March's nearly comes to an expire, and the coming of April is in sight. It hits me that twenty seventeen runs faster than I expected. If I may thought about another possibilities, it's either the time indeed runs faster or it's me, start doing everything more slowly. I never like to admit that I was wrong *singing* so I choose to believe that it’s the time that runs faster, followed by so many things that happened in the last three months that sometimes I can’t understand of what is going on.
This year was started by my friend’s announcement of her decision to take her love life relationship a step further and higher (into a marriage), and it happened in the very first day of 2017. The fact the she’s marrying our schoolmate in senior high was what surprise me and a lot of my friends too, considering they’ve never seen together or even knowing each other. Still that happens, and in the fate, written.
Followed by a little talk with a friend (great friend, because she does) about the present and the future.
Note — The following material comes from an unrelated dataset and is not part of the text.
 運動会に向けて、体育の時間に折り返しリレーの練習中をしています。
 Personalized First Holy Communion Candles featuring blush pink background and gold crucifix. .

Well, I have to admit that I’d always love to having conversation with her, precisely listening to her opinions and thoughts, even about the smallest things. What she said was always matter, and she said it in the easiest way for me to understand. That day, she told me about registering for master degree and her future career plan. And I’ve been informed that she’s accepted, in the same day. Her love for movies, is another side of her that I like too since movies was the most likely thing that connecting us. She once told me her overly fond of movies eventually runs her to make sort of documentation about movies she watched recently and share it for others; but not that I noticed. Later on that day I just knew that she’s still keep doing it. Another great thing of her? Consistency. I like the way she’s just knows what to choose in her life, and that’s great. It was a face-to-face convo with her after year(s)—not sure, but it was quite long time we haven’t met—and I can say that it was a literally quality time.
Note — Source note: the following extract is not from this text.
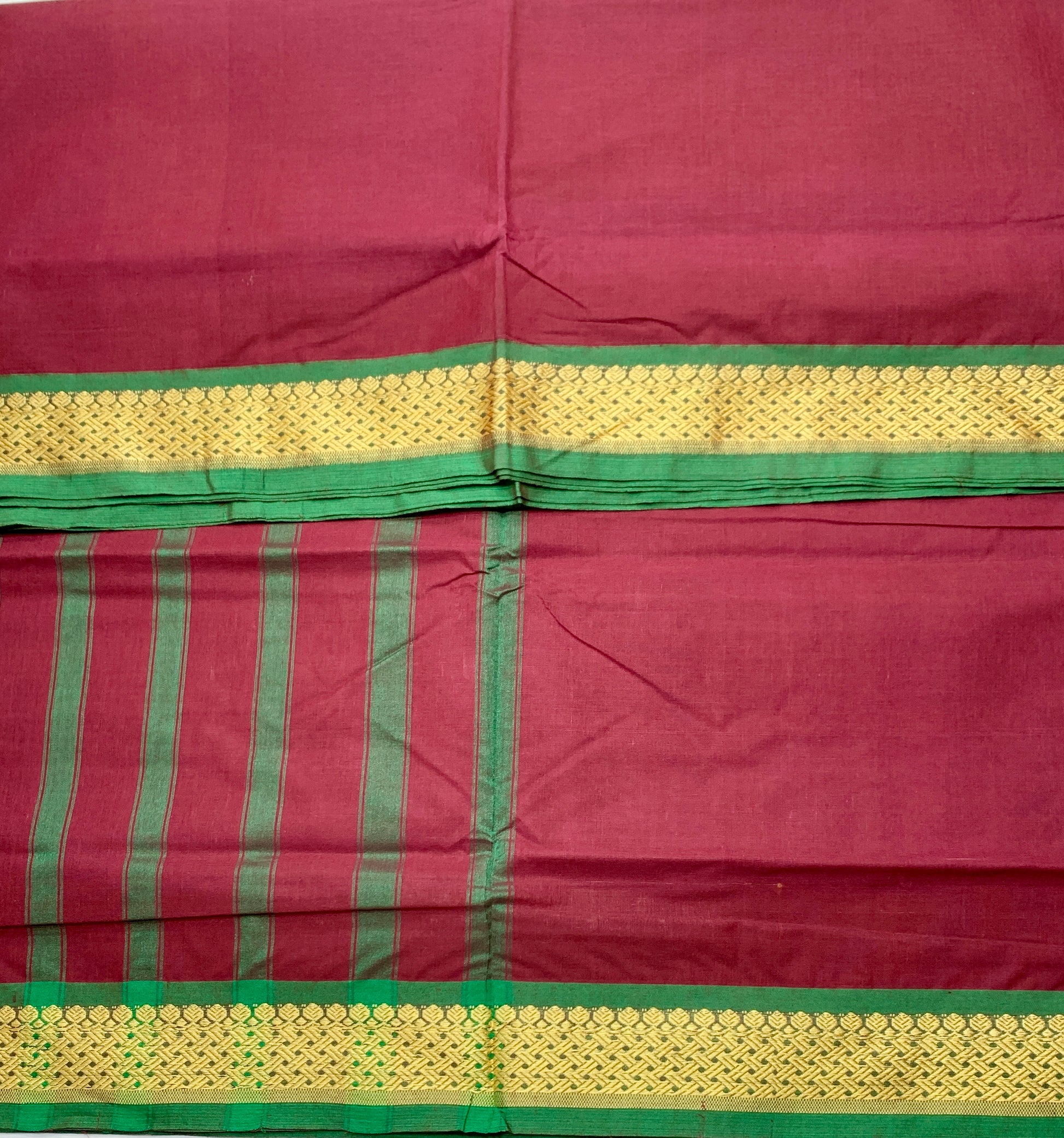 Chettinad Cotton Saree Brown Shade with Green Border.

Another wedding of my friends—two of my friends; my friends’ graduation; my mom and my dad’s birthday; the birth of my nieces—one is my cousin’s and one is my sister’s daughter, which makes me officially becoming aunty. I’ve been so excited since she was still inside the tummy that I even have a nickname for her. When she was born, I know everything will never be the same as before but she brings happiness around her. So... if I may not good enough for someone, I hope I can be a good aunt for her.
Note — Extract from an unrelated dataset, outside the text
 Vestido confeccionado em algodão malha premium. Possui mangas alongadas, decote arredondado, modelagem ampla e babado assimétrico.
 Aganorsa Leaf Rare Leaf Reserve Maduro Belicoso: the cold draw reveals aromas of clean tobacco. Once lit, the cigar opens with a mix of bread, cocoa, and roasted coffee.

The last three months was another reminder of how old I am (by age, of course. By soul, I’m forever the kid with less burden in my mind yearning to run aimlessly in a wide yard) already, witnessing my friends getting married one by one, try to build up their little family, expecting a baby, so on and on. Involuntarily, our generation is up a level for becoming parent. And I am, questioning myself if I’m ready for it all someday. Is it a long way to go?
I remember that sometimes I just can’t understand about one thing and another. I’m always be the last to know about something and it exasperated me much. While knowing too much and understanding too little is sucks too, I prefer knowing entirely none at all.